Une femme à mes côté donnait raison à l'agent tout en constatant qu'il était passé un peu vite à un ton menaçant. J'ai pensé qu'il y a deux ou trois ans j'aurais sans doute perçu les choses comme elle, mais qu'à présent non : il avait tout simplement pigé à quel genre de personnes il avait affaire, celles qui dans la vie sont favorisées de partout et estiment que tout leur est dû. Il s'en trouve à l'occasion parmi mes clients. À la discussion la dame élégante et son compagnon auraient peut-être fini par prendre l'ascendant, or il avait une contrainte immédiate de temps, donc efficacité, quite à passer pour un rustre et puis d'abord ça leur fera les pieds.
Le pire c'est qu'elle aura quand même obtenu une forme de privilège : je suis prête à parier qu'une personne d'une autre allure pourvue d'un accent populaire, prononçant les mêmes mots, effectuant les mêmes gestes, placée au même endroit (2), ce serait fait embarquer au poste, au moins pour une mise au point.
Encore quelqu'un pour qui les lois doivent être sévères ... pour les autres.
Le gag c'est que 10 minutes environ plus tard, un temps mort ayant lieu dans le défilé des équipes, équipiers, équipements, un passage a été accordé à ceux qui attendaient au carrefour le plus proche. Il suffisait donc d'attendre (un peu) (patiemment).

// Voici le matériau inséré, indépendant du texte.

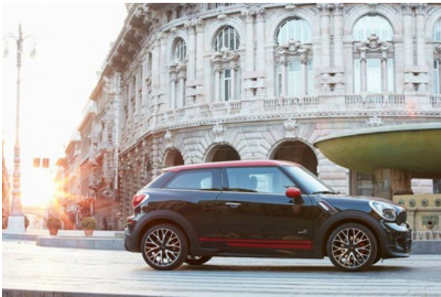
Mini Cooper.

In an effort to meet millennial demand, Estée Lauder acquired premium label TooFaced. Similarly, BMW added Mini to its stable in the 1990s, expanding its price range.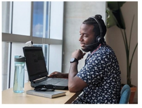
Work From anywhere

ITDMs upgrading conference rooms<sup>1</sup>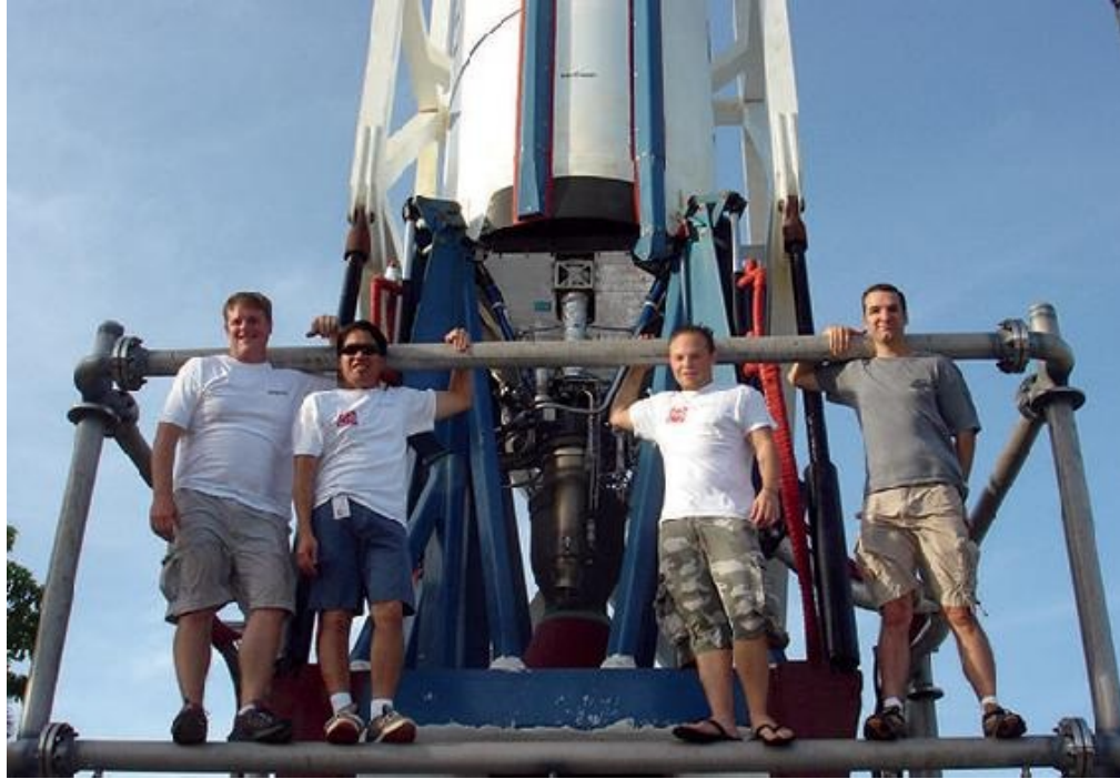
Tom Mueller ( far right, gray shirt ) led the design, testing, and construction of SpaceX's engines.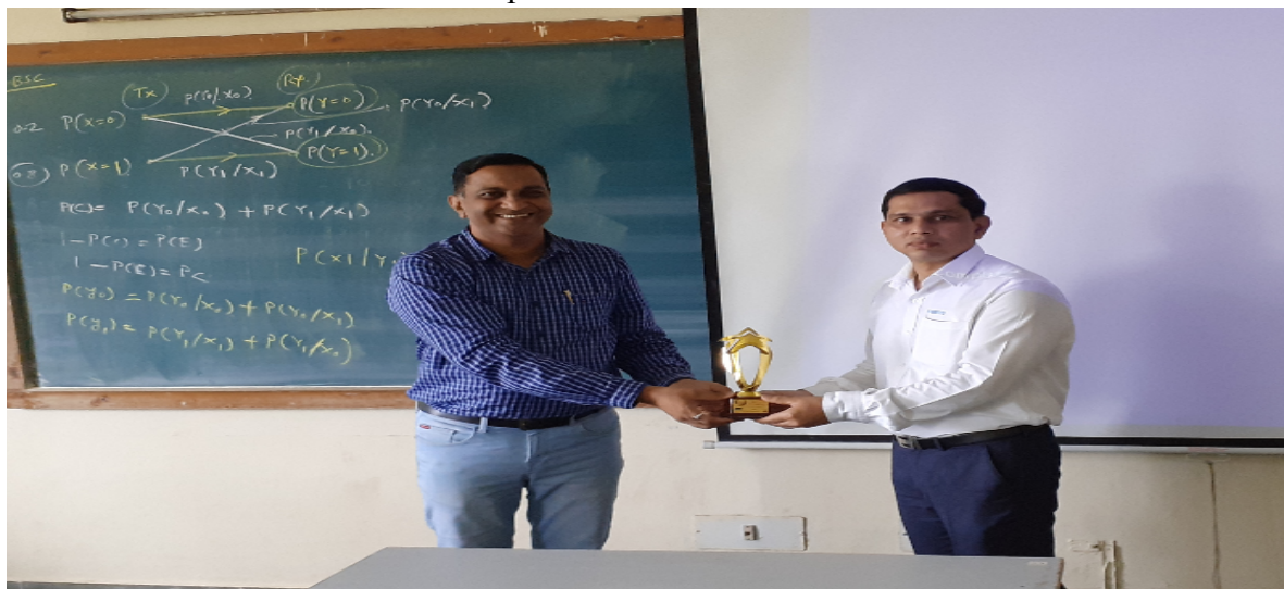
Felicitation of Speaker by HOD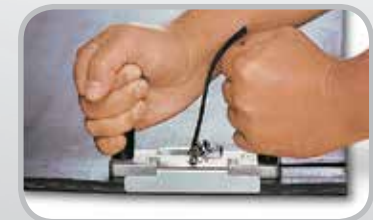
Flexco® Belt Groover

When the belt grip is slipped over the belt edge at a right angle, belts can be pulled without damaging the belt surface.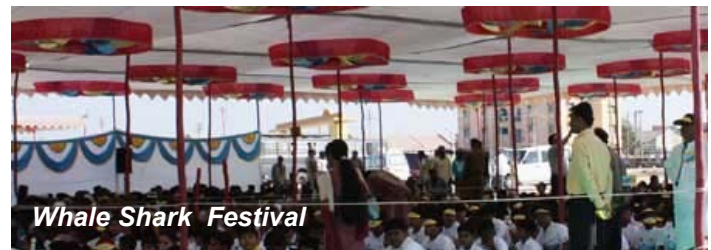
Whale Shark Festival

After the meetings the SAC traveled to the coastal city of Dwarka, to participate in this city's first annual whale shark festival. The festival involved a parade with a life sized inflatable whale shark, children in whale shark shirts, and a marching band. The parade was followed by a formal ceremony that included a children's art contest, a performance of a traveling street play about whale shark conservation, and speeches by officials supporting the whale shark campaign.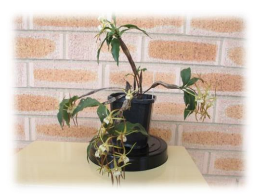
Tetrabaculum tetragonum 'melaleucaphilum'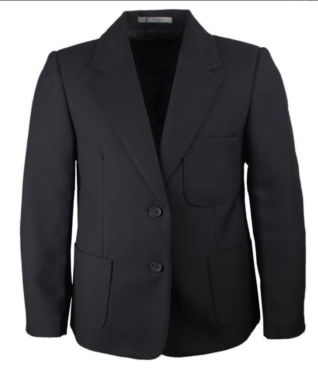
Blazer- Black (For Winter)

À part cette anicroche, il y avait une bonne ambiance parmi la petite foule de ce côté-ci des ponts : coincés là pour la plupart par hasard (3) et qui s'étaient dit, tiens après tout restons : ceux qui s'y connaissaient un peu et expliquaient aux autres, le vendeur de bouteilles d'eau à la sauvette qui faisait son petit-business sans abuser, les surveillants courtois dès leur qu'on leur posait question en restant du bon côté, les touristes intrigués, le muret sur lequel nous étions, plus haut qu'il ne semblait (4), le fait de s'accorder une pause, une attente amusée, un imprévu parfait.
(1) Il ne s'agissait pas d'un bébé qui hurle par la chaleur ou la faim incommodé
(2) Cela dit, elle n'en aurait sans doute dès le départ rien fait : il faut être d'un certain milieu pour croire qu'on mérite une exception, qu'une contrainte de sécurité évidente (et non absurde comme on en voit parfois) peut s'appliquer à tous sauf soi.
(3) Les passionnés de vélos attendaient sur les Champs pour certains depuis la mi-journée (passage des coureurs vers 20h30 seulement)
(4) Schadenfreude : des jeunes femmes qui me voyant installée (avec un peu d'aide : j'étais en jupe un brin étroite) ne se posaient pas la question de la difficulté et puis Ah tiens si quand même. De ma vie de libraire je conserverai au moins ce plaisir que c'est que d'avoir enfin de la force dans les bras. Avant de l'acquérir, je n'imaginais pas que ça aidait tant que ça.